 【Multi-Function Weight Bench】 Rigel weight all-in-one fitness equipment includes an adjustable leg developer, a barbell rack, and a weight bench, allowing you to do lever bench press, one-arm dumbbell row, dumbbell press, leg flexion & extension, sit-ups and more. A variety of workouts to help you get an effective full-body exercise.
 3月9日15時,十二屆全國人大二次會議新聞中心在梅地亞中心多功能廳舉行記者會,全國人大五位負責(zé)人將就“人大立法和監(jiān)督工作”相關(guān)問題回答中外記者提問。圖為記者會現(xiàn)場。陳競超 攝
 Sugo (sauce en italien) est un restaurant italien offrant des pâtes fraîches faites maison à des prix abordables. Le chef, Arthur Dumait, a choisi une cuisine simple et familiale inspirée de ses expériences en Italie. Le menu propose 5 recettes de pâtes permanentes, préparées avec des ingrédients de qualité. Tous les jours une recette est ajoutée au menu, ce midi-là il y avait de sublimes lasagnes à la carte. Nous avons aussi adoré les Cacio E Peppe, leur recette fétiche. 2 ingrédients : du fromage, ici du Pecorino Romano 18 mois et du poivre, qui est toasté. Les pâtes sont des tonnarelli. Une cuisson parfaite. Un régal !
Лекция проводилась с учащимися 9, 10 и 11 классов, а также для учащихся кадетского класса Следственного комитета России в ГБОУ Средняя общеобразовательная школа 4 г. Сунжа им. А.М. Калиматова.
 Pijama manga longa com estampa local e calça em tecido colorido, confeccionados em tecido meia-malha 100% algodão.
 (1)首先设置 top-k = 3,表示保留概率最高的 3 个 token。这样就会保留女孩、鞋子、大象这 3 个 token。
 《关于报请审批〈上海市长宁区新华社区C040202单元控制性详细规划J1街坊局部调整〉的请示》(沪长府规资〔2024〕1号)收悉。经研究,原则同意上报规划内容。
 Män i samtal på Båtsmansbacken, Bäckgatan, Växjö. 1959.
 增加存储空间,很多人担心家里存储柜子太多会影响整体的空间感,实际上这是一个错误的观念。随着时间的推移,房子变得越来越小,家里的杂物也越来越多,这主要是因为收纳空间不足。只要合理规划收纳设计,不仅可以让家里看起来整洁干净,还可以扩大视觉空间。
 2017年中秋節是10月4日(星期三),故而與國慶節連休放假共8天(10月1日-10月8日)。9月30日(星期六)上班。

──────

EXERCISE INSTRUCTIONS: Could you write out the full data verbatim?

SOLUTION FOR THIS EXERCISE:
 【Multi-Function Weight Bench】 Rigel weight all-in-one fitness equipment includes an adjustable leg developer, a barbell rack, and a weight bench, allowing you to do lever bench press, one-arm dumbbell row, dumbbell press, leg flexion & extension, sit-ups and more. A variety of workouts to help you get an effective full-body exercise.
 3月9日15時,十二屆全國人大二次會議新聞中心在梅地亞中心多功能廳舉行記者會,全國人大五位負責(zé)人將就“人大立法和監(jiān)督工作”相關(guān)問題回答中外記者提問。圖為記者會現(xiàn)場。陳競超 攝
 Sugo (sauce en italien) est un restaurant italien offrant des pâtes fraîches faites maison à des prix abordables. Le chef, Arthur Dumait, a choisi une cuisine simple et familiale inspirée de ses expériences en Italie. Le menu propose 5 recettes de pâtes permanentes, préparées avec des ingrédients de qualité. Tous les jours une recette est ajoutée au menu, ce midi-là il y avait de sublimes lasagnes à la carte. Nous avons aussi adoré les Cacio E Peppe, leur recette fétiche. 2 ingrédients : du fromage, ici du Pecorino Romano 18 mois et du poivre, qui est toasté. Les pâtes sont des tonnarelli. Une cuisson parfaite. Un régal !
Лекция проводилась с учащимися 9, 10 и 11 классов, а также для учащихся кадетского класса Следственного комитета России в ГБОУ Средняя общеобразовательная школа 4 г. Сунжа им. А.М. Калиматова.
 Pijama manga longa com estampa local e calça em tecido colorido, confeccionados em tecido meia-malha 100% algodão.
 (1)首先设置 top-k = 3,表示保留概率最高的 3 个 token。这样就会保留女孩、鞋子、大象这 3 个 token。
 《关于报请审批〈上海市长宁区新华社区C040202单元控制性详细规划J1街坊局部调整〉的请示》(沪长府规资〔2024〕1号)收悉。经研究,原则同意上报规划内容。
 Män i samtal på Båtsmansbacken, Bäckgatan, Växjö. 1959.
 增加存储空间,很多人担心家里存储柜子太多会影响整体的空间感,实际上这是一个错误的观念。随着时间的推移,房子变得越来越小,家里的杂物也越来越多,这主要是因为收纳空间不足。只要合理规划收纳设计,不仅可以让家里看起来整洁干净,还可以扩大视觉空间。
 2017年中秋節是10月4日(星期三),故而與國慶節連休放假共8天(10月1日-10月8日)。9月30日(星期六)上班。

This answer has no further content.